服部産業医事務所の活動

今更ながらに健康診断について語る⑤

こんにちは、保健師の山本です。
「健康診断」シリーズも5回目ですが、今回からは健康診断に関するちょっとした小ネタ、いわゆる健康診断あるあるについてお話ししたいと思います。
※何回になるかは不明です(笑)
健康診断あるある第1段は、「採血の時気分が悪くなるのはなぜ?」です。
実は私が某病院の外来で働いていた時に、採血した方が倒れたことがあります。
採血真っ最中に後ろ向きに倒れられたので、それはもう後が色々大変でした。
では、どうしてなのか見ていきましょう。

1.健診の採血で「貧血」?
針を刺し、痛みを伴うことから苦手とする方が多い「採血」。
この採血中に、自分の血が抜かれていく様子を見て、倒れてしまう人がいます。
そんな時よく「貧血を起こして倒れた」と言いますが、しかし本当に、血液検査の採血程度で貧血を起こすようなことはあり得るのでしょうか。

実は血液検査で採取する血液の量はわずか2~3mlです。ティースプーンで2~3杯の量ですので、この程度で貧血が起きるようなことはありません。
ですから、この倒れてしまう症状は、貧血症状ではなく別のことが原因と考えられます。

2.採血後のふらふらの原因は
血液を採取するにはほんの数秒しかかかりませんが、注射が怖い人や、血を見るのが苦手な人にとっては、とても長い時間に感じられるのではないでしょうか。
では、なぜ採血時にこのようなトラブルが起こるのでしょう。

針が皮膚に刺さることでの痛み・恐怖等のストレスから、迷走神経(心拍を遅くし、血管の緊張を緩める神経)が緊張状態になることから引き起こされる、「血管迷走神経反射(VVR)」がその原因です。
これはいわゆる失神のこと。
この反射により血管が拡張し、一時的に循環血液量が低下するため、手足や脳へ十分な血液が送られなくなり、その結果、立ちくらみ・めまい・冷や汗・手足の痺れ・顔面蒼白・悪心・嘔吐といった症状が起こるのです。
ほとんどの場合は数分で意識を取り戻しますので、後遺症が残るようなことはありません。

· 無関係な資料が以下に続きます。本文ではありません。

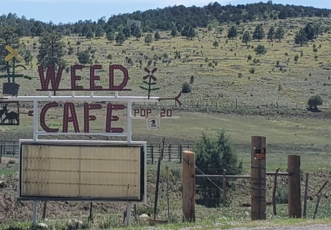 The famous Weed Café was not open, and it appeared to have been closed for quite some time. We guessed these small mountain towns and their businesses are not doing well during the time of COVID, especially here in NM where masking and travel restrictions were much tighter than other states.
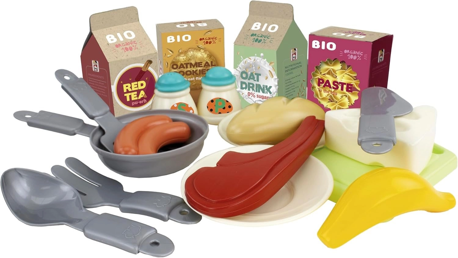 A készlet 19 darab kiegészítőt tartalmaz, köztük serpenyőt, tányérokat, evőeszközöket és „ételeket”, így a kicsik a kicsomagolás után azonnal kezdhetik a séf szerepét. A szerepjáték sosem unalmas, és természetes módon fejleszti a kreativitást, a kommunikációt és a felelősségérzetet.

血管迷走神経反射は、長時間立つ・座るなどしたときに表れやすいという特徴があり、ビックリした時や、排便、お酒、ストレスが引き金になる場合も多いです。
例えば、お酒を飲んだ後にトイレで用を足し、そのまま気絶してしまうというのも血管迷走神経反射です。

3.採血の前にして欲しいこと
血管迷走神経反射そのものは危険な病気ではありません。
しかし意識を失って倒れると、頭を打つなどケガをする恐れがあるので注意が必要です。
採血で倒れた経験のある人は、事前に医師や看護師にその旨を伝えておきましょう。 通常は座って行いますが、このような人は診察台の上に寝かせて採血してくれます。

また、血管迷走神経反射は一生治らないわけではなく、年をとると自然に改善されることが多いので、あまり深刻に考えないようにしましょう。

苦手な方にとっては、本当に嫌な検査だという採血。
しかし、血液からしか分からない身体の情報もあり、この結果によって、初めて病気が見つかることもあります。
毎年の健康診断が憂鬱だという方も、最低年に1回は、きちんと採血を受けましょう。